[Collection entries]
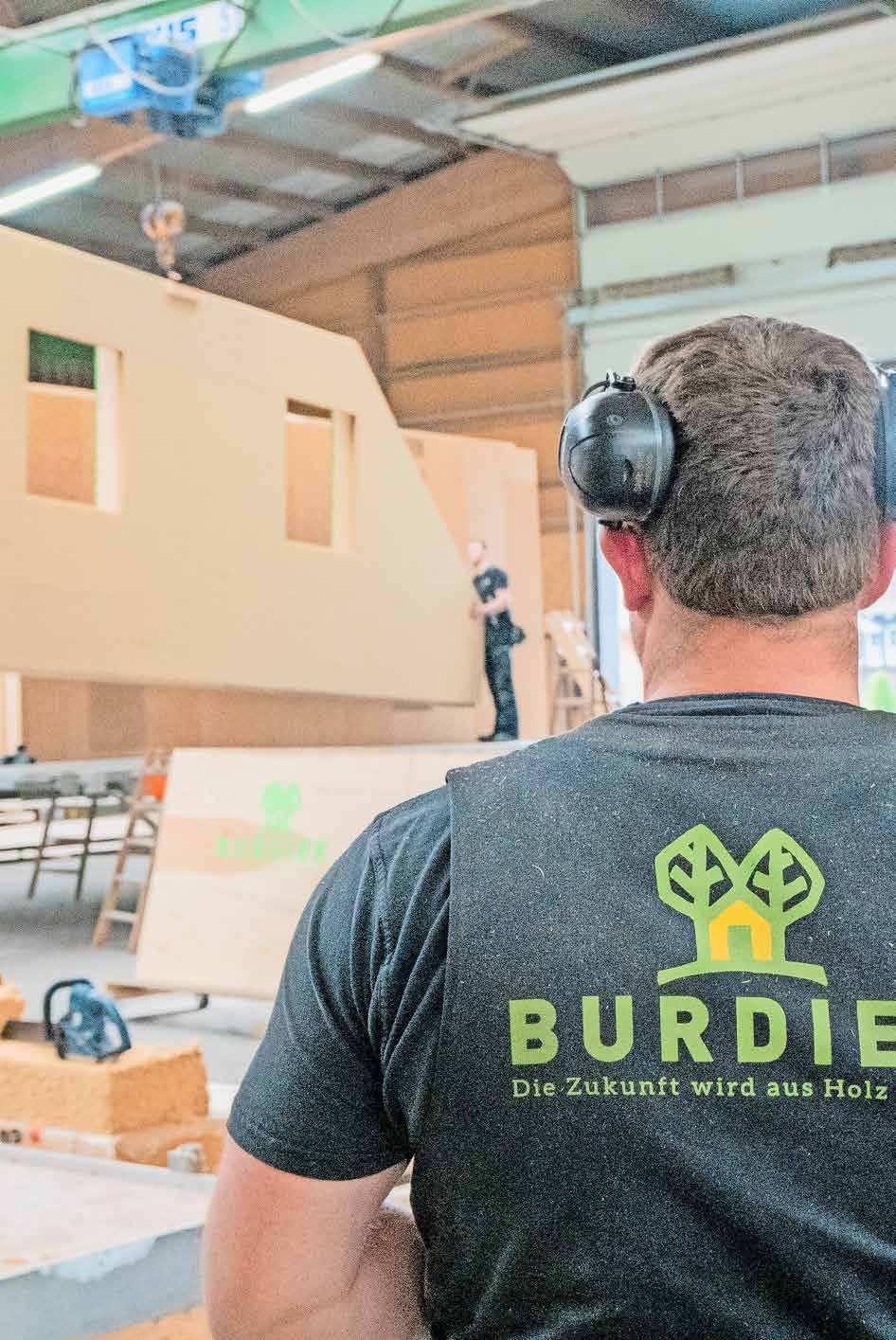 Von der Planung bis zum Zuschnitt setzen die Handwerker voll auf Digitalisierung. „Wir zeichnen unsere Häuser digital und können unseren Kunden nahezu fotorealistische Entwürfe zeigen“, sagt Burdiek. In der Konstruktionsphase werde das komplette Haus durchgeplant: Wände, Decken, Ausschnitte für Fenster und Türen; selbst die Positionen von Steckdosen und Heizungsleitungen könnten dabei bedacht werden. In der Fertigung geht es digital weiter. Erst im vergangenen Jahr hat der Betrieb in eine neue Abbundanlage investiert. Ausgestattet mit einem Sechs-AchsRoboterarm zum Fräsen und Bohren und einem zusätzlichen Arm mit 800-Millimeter-Sägeblatt, können die Handwerker ihr Konstruktionsvollholz (KVH) auf Knopfdruck komplett gemäß den digitalen Konstruktionsvorgaben bearbeiten. Danach wird das Holz von der Abbund- in die Montagehalle gefahren. Hier verarbeitet das Team es zu kompletten Wandmodulen weiter. Die Zimmerer realisieren das KVH-Holzständerwerk direkt inklusive Wärmedämmung. Die äußere Schicht zur Aufnahme der Fassade bilden Holzweichfaserplatten. Auch Fenster baut der Betrieb häufig schon in der Halle ein. Dann geht es auf einem Tieflader zur Baustelle. „Wir wollen so viele Arbeiten wie möglich bereits hier in der Halle abschließen. Das reduziert Fahrtkosten und Rüstzeiten auf der Baustelle, verbessert unsere Auslastung und macht uns wetterunabhängiger“, sagt Burdiek. Seit 2015 bildet der Holzhausbau den Geschäftsschwerpunkt der Zimmerer. „Wenig später hat das Thema mit der Fridays-for-Future-Bewegung noch zusätzlichen Aufwind bekommen“, verrät Burdiek. Der Unternehmer legt Wert darauf, dass seine Häuser Nachhaltigkeitsansprüchen in mehrfacher Hinsicht
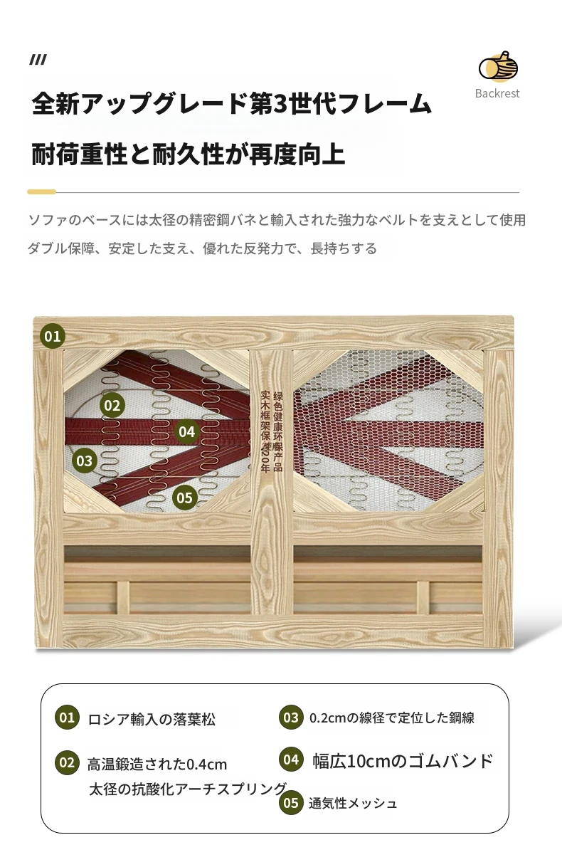 【幅1.2m 開間に注意 - ゆったりとした座深約80cm】ダブル1.8m
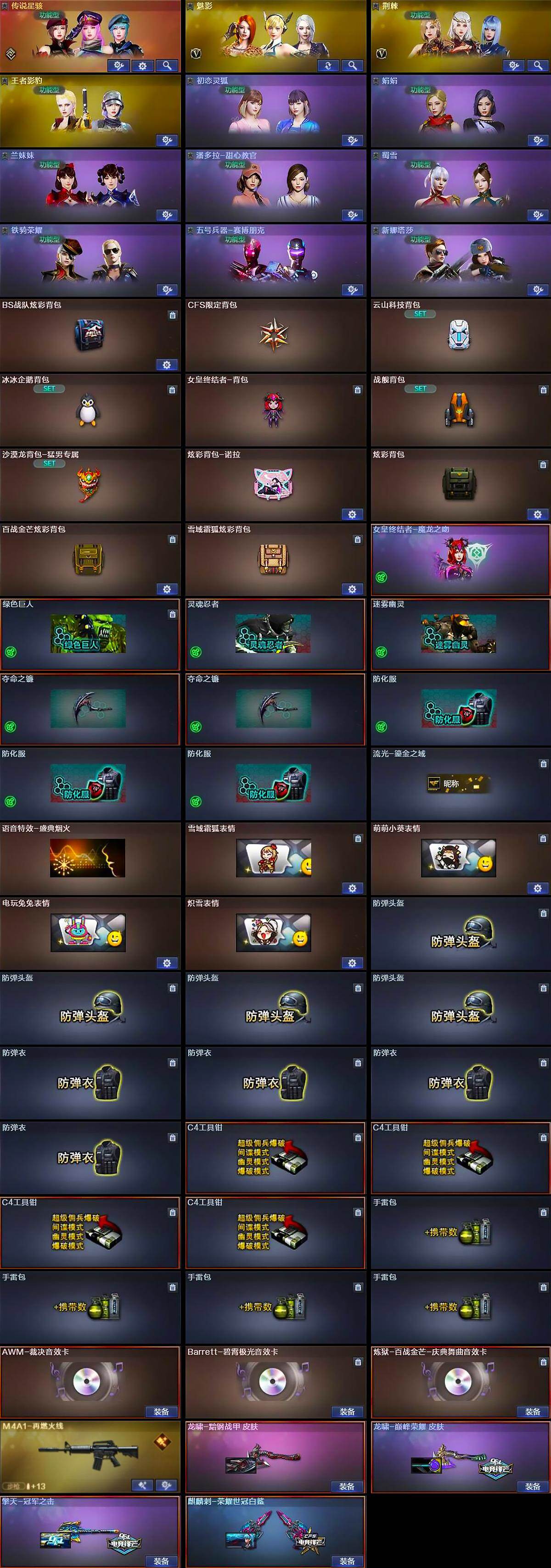 【道具】:BS战队炫彩背包,CFS限定背包,云山科技背包,冰冰企鹅背包,女皇终结者-背包,战舰背包,沙漠龙背包-猛男专属,炫彩背包-诺拉,炫彩背包,百战金芒炫彩背包,雪域霜狐炫彩背包,女皇终结者-魔龙之吻,绿色巨人,灵魂忍者,迷雾幽灵,夺命之镰*2,防化服*3,流光-鎏金之域,语音特效-盛典烟火,雪域霜狐表情,萌萌小葵表情,电玩兔兔表情,炽雪表情,防弹头盔*4,防弹衣*4,C4工具钳*4,手雷包*4
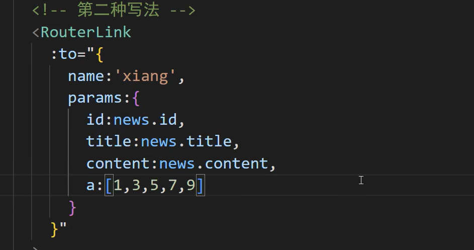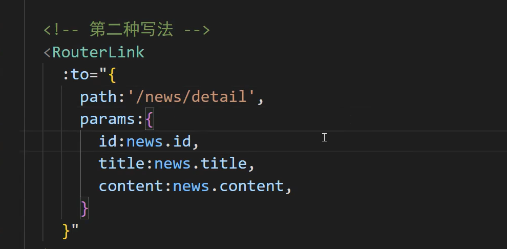 注意:对象写法必须使用 `v-bind`(即 `:`)绑定 `to` 属性。
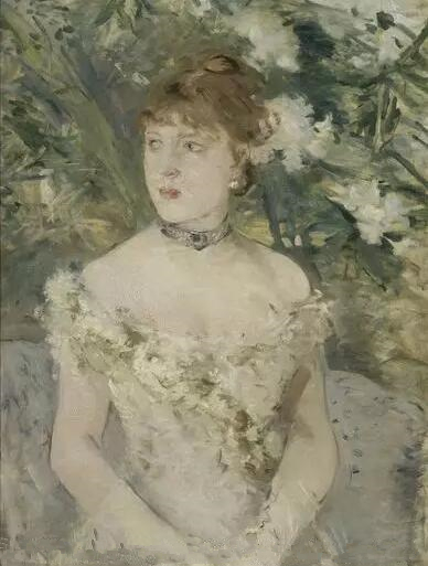 在这幅《舞会装扮的少女》中,模特置身于花朵围绕的环境里,胸前衣服的装饰与环境呼应。正如Charles所说,画面散发出一种美好恬静的氛围。因为结识一些印象派画家,莫里索之后把这幅作品卖给了意大利印象派画家朱塞佩·德·尼蒂斯。
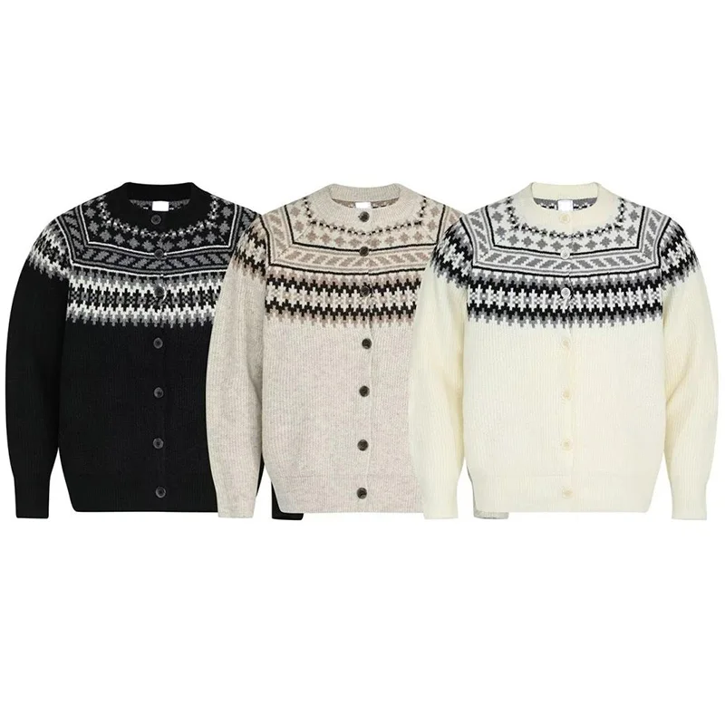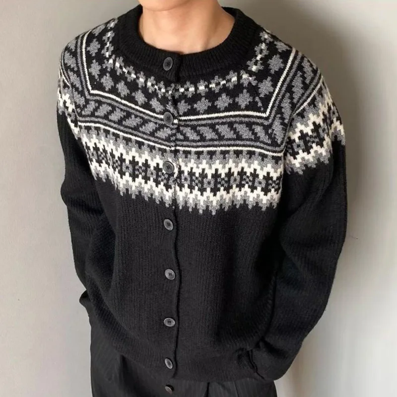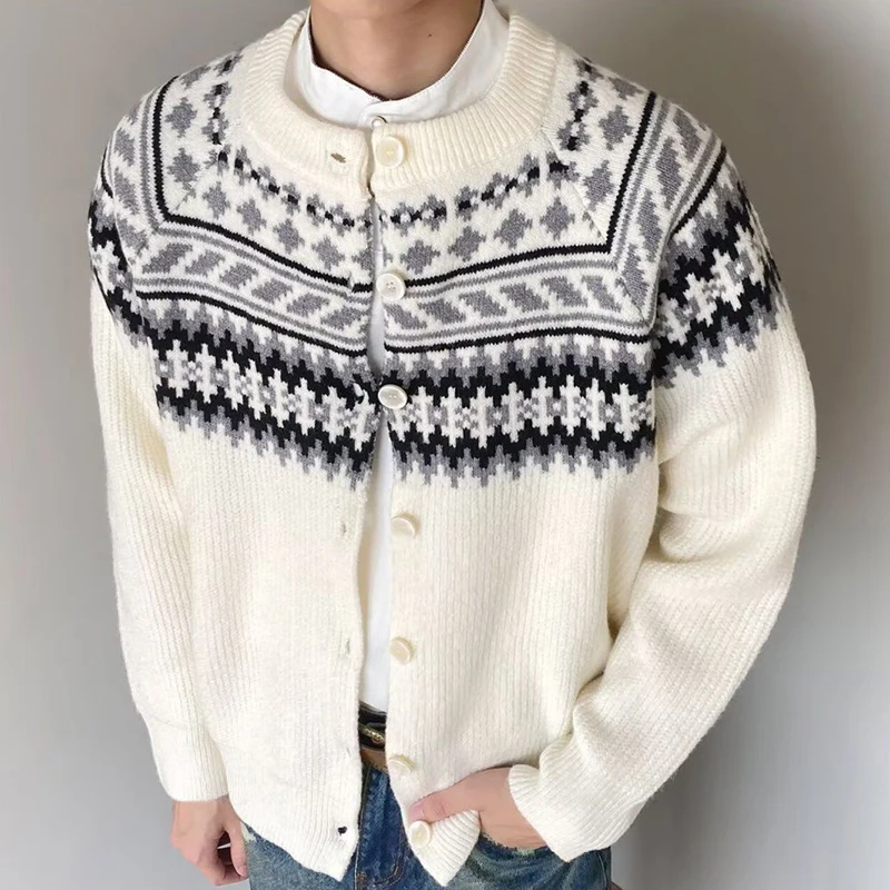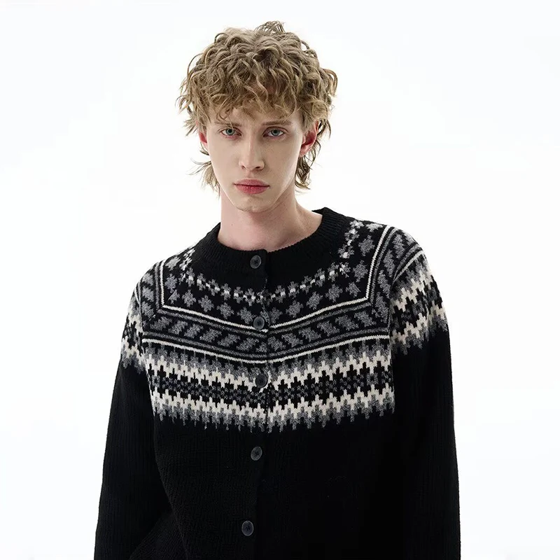 Geometry Fair Island Cardigan Sweater Male Christmas Knitwear Autumn Winter Men’s Pattern Christmas Sweater Button Cardigan Knit
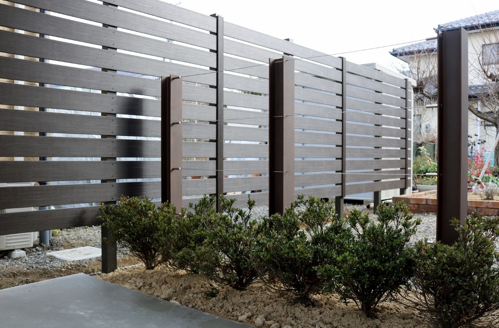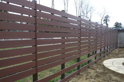 隣地境界側にアルミ柱70角を立て、アルファウッドのディーブブラウンを施工。 長野市内
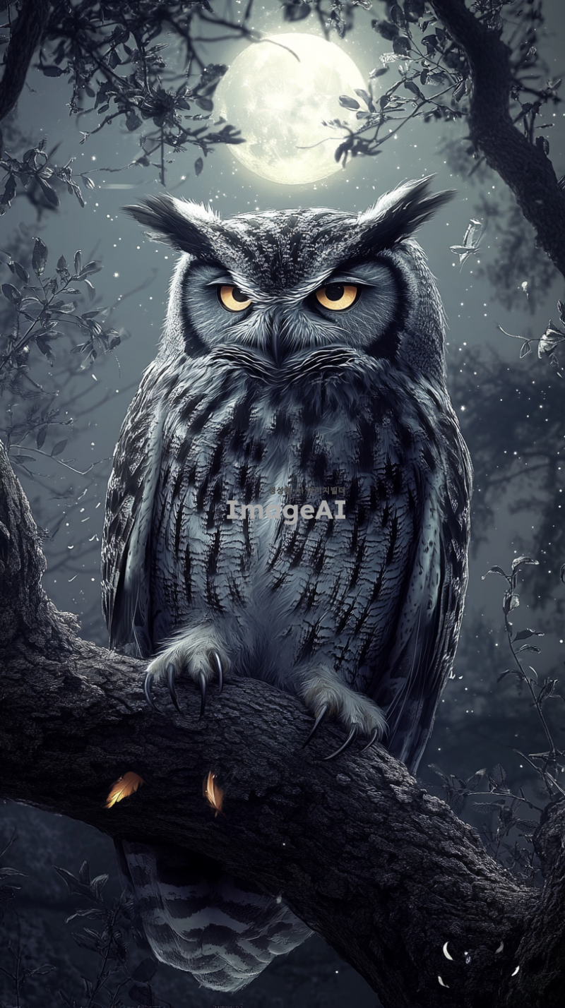 한국의 숲속에서 나무에 앉아 있는 부엉이, 부드러운 달빛 아래에서 깜빡이는 눈, 주변에는 나무와 풀들이 어우러져 있는 자연의 모습, 신비로운 분위기, 세밀한 디테일, 부엉이의 깃털 질감이 잘 드러나도록.

* _Work task_
Each entry is to be transcribed verbatim, and any picture in it is to be skipped.

* _Reply to the exercise_
 Von der Planung bis zum Zuschnitt setzen die Handwerker voll auf Digitalisierung. „Wir zeichnen unsere Häuser digital und können unseren Kunden nahezu fotorealistische Entwürfe zeigen“, sagt Burdiek. In der Konstruktionsphase werde das komplette Haus durchgeplant: Wände, Decken, Ausschnitte für Fenster und Türen; selbst die Positionen von Steckdosen und Heizungsleitungen könnten dabei bedacht werden. In der Fertigung geht es digital weiter. Erst im vergangenen Jahr hat der Betrieb in eine neue Abbundanlage investiert. Ausgestattet mit einem Sechs-AchsRoboterarm zum Fräsen und Bohren und einem zusätzlichen Arm mit 800-Millimeter-Sägeblatt, können die Handwerker ihr Konstruktionsvollholz (KVH) auf Knopfdruck komplett gemäß den digitalen Konstruktionsvorgaben bearbeiten. Danach wird das Holz von der Abbund- in die Montagehalle gefahren. Hier verarbeitet das Team es zu kompletten Wandmodulen weiter. Die Zimmerer realisieren das KVH-Holzständerwerk direkt inklusive Wärmedämmung. Die äußere Schicht zur Aufnahme der Fassade bilden Holzweichfaserplatten. Auch Fenster baut der Betrieb häufig schon in der Halle ein. Dann geht es auf einem Tieflader zur Baustelle. „Wir wollen so viele Arbeiten wie möglich bereits hier in der Halle abschließen. Das reduziert Fahrtkosten und Rüstzeiten auf der Baustelle, verbessert unsere Auslastung und macht uns wetterunabhängiger“, sagt Burdiek. Seit 2015 bildet der Holzhausbau den Geschäftsschwerpunkt der Zimmerer. „Wenig später hat das Thema mit der Fridays-for-Future-Bewegung noch zusätzlichen Aufwind bekommen“, verrät Burdiek. Der Unternehmer legt Wert darauf, dass seine Häuser Nachhaltigkeitsansprüchen in mehrfacher Hinsicht
 【幅1.2m 開間に注意 - ゆったりとした座深約80cm】ダブル1.8m
 【道具】:BS战队炫彩背包,CFS限定背包,云山科技背包,冰冰企鹅背包,女皇终结者-背包,战舰背包,沙漠龙背包-猛男专属,炫彩背包-诺拉,炫彩背包,百战金芒炫彩背包,雪域霜狐炫彩背包,女皇终结者-魔龙之吻,绿色巨人,灵魂忍者,迷雾幽灵,夺命之镰*2,防化服*3,流光-鎏金之域,语音特效-盛典烟火,雪域霜狐表情,萌萌小葵表情,电玩兔兔表情,炽雪表情,防弹头盔*4,防弹衣*4,C4工具钳*4,手雷包*4
 注意:对象写法必须使用 `v-bind`(即 `:`)绑定 `to` 属性。
 在这幅《舞会装扮的少女》中,模特置身于花朵围绕的环境里,胸前衣服的装饰与环境呼应。正如Charles所说,画面散发出一种美好恬静的氛围。因为结识一些印象派画家,莫里索之后把这幅作品卖给了意大利印象派画家朱塞佩·德·尼蒂斯。
 Geometry Fair Island Cardigan Sweater Male Christmas Knitwear Autumn Winter Men’s Pattern Christmas Sweater Button Cardigan Knit
 隣地境界側にアルミ柱70角を立て、アルファウッドのディーブブラウンを施工。 長野市内
 한국의 숲속에서 나무에 앉아 있는 부엉이, 부드러운 달빛 아래에서 깜빡이는 눈, 주변에는 나무와 풀들이 어우러져 있는 자연의 모습, 신비로운 분위기, 세밀한 디테일, 부엉이의 깃털 질감이 잘 드러나도록.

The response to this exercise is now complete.